Britain's top shares fell on Monday as mining and energy stocks tracked lower commodity prices, while financials eased on Basel III and sovereign debt concerns. Rolls-Royce rose 2.7 percent after the engine-maker announced progress in understanding the cause of the failure of a Trent 900-powered A380 Qantas flight on November 4, adding the incident was specific to that type of engine.
Rolls-Royce rallies on Trent 900 engine clarity The incident has rattled a global aviation industry recovering from heavy losses during the downturn, and has been damaging for Rolls-Royce, its shares having dropped nearly 10 percent. The FTSE 100 closed down 25.39 points, or 0.4 percent, at 5,849.96. It hit a 29-month closing high on Friday after investors cheered the US Federal Reserve's commitment on Wednesday to boosting growth. "Trading has been pretty listless in light volumes, as the market consolidates after the sugar rush of Fed induced volatility of recent days," Jimmy Yates, head of equities at CMC Markets said.
Commodity-linked assets traded lower as an unwinding of dollar short positions that began after solid US jobs data on Friday gathered pace. Xstrata and Anglo American, down 1.4 percent and 2.4 percent respectively, were also hit by uncertainty over a strike by workers at the world's third biggest copper mine.
African Barrick Gold shed 1.9 percent after Goldman Sachs cut rating and earnings estimates. Energy stocks declined in tandem with a fall in the crude price. Tullow Oil dropped 2 percent as Goldman Sachs cut its rating to "neutral" from "buy".
Scottish & Southern Energy fell 1.6 percent after Nomura cut its rating on the utility to "reduce" from "neutral". Financials were struggling with traders citing criticism over the Basel III agreement, ahead of the G20 summit in Seoul on November 11-12, and resurgent eurozone sovereign debt woes weighing on stocks. Banks were lower, led by state-backed Royal Bank of Scotland which shed 3 percent.

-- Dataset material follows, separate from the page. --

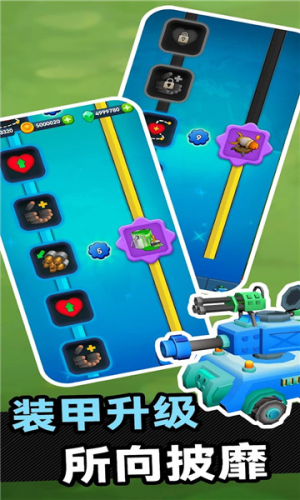 3、成长体系完善平衡,通过战斗获取资源可解锁新武器和技能。升级路线多样自由,既能专注强化单一属性,也可发展均衡全面的战车配置。

Investors will watch for the Bank of England quarterly inflation report on Wednesday and Governor Mervyn King's news conference for any indication on the central bank's own quantitative easing programme. On the second tier, Irish Life & Permanent tumbled 17 percent after KBW downgraded its rating Sticking with mid-caps, Gartmore slid 15 percent after star manager Roger Guy became the latest key figure to leave the fund manager, prompting Numis to place its rating under review.

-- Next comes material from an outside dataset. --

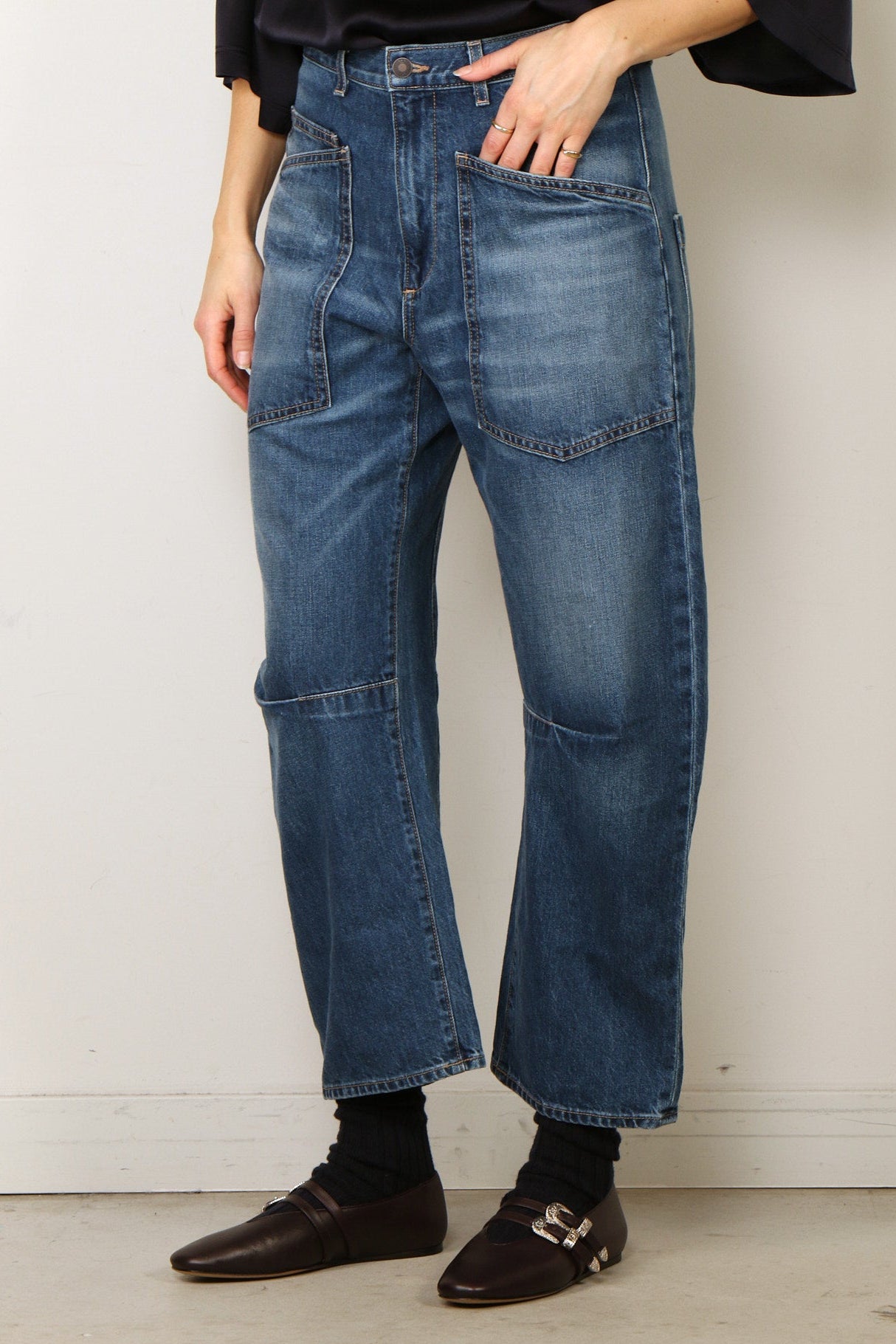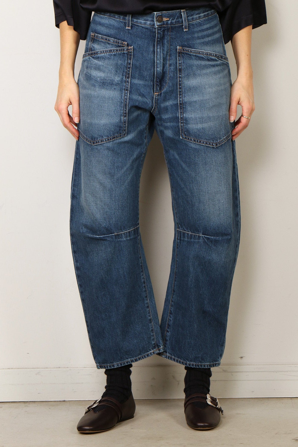 - Relaxed barrel leg jean

Serco fell 2.3 percent as S&P Equity Research began its coverage of the outsourcing firm with a "sell" rating. On the upside, satellite operator Inmarsat rose 3 percent after beating third-quarter earnings expectations. Invensys gained 2.2 percent as Credit Suisse joined a crop of brokers who have recently raised their target prices on the engineering group.